Starting at the line with "Комплектация 3 щетки" and going on through the line with "在西安市财经学校实习材料上书写的民盟《后宰门支部改造工作报告》", reproduce each line in the records below exactly and nothing more.
====== Dataset ======
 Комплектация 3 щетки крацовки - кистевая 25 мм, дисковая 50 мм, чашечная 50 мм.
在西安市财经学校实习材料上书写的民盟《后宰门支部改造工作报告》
======
====== Dataset ======
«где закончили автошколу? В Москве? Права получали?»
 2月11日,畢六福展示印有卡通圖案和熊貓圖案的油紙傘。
======
====== Dataset ======
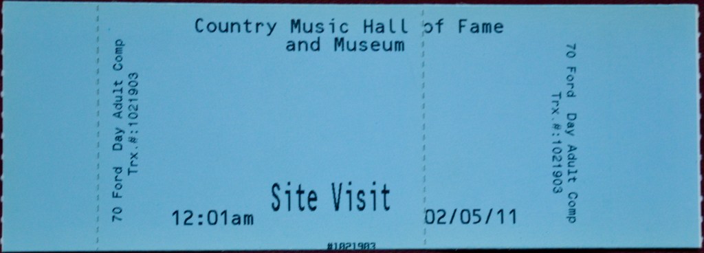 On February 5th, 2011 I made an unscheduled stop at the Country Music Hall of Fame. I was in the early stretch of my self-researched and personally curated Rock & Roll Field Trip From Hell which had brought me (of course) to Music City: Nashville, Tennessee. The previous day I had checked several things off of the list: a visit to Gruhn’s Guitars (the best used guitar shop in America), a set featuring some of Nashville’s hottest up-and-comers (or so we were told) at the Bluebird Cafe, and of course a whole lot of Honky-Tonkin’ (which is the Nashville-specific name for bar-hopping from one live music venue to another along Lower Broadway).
======
Written answer:
 Комплектация 3 щетки крацовки - кистевая 25 мм, дисковая 50 мм, чашечная 50 мм.
在西安市财经学校实习材料上书写的民盟《后宰门支部改造工作报告》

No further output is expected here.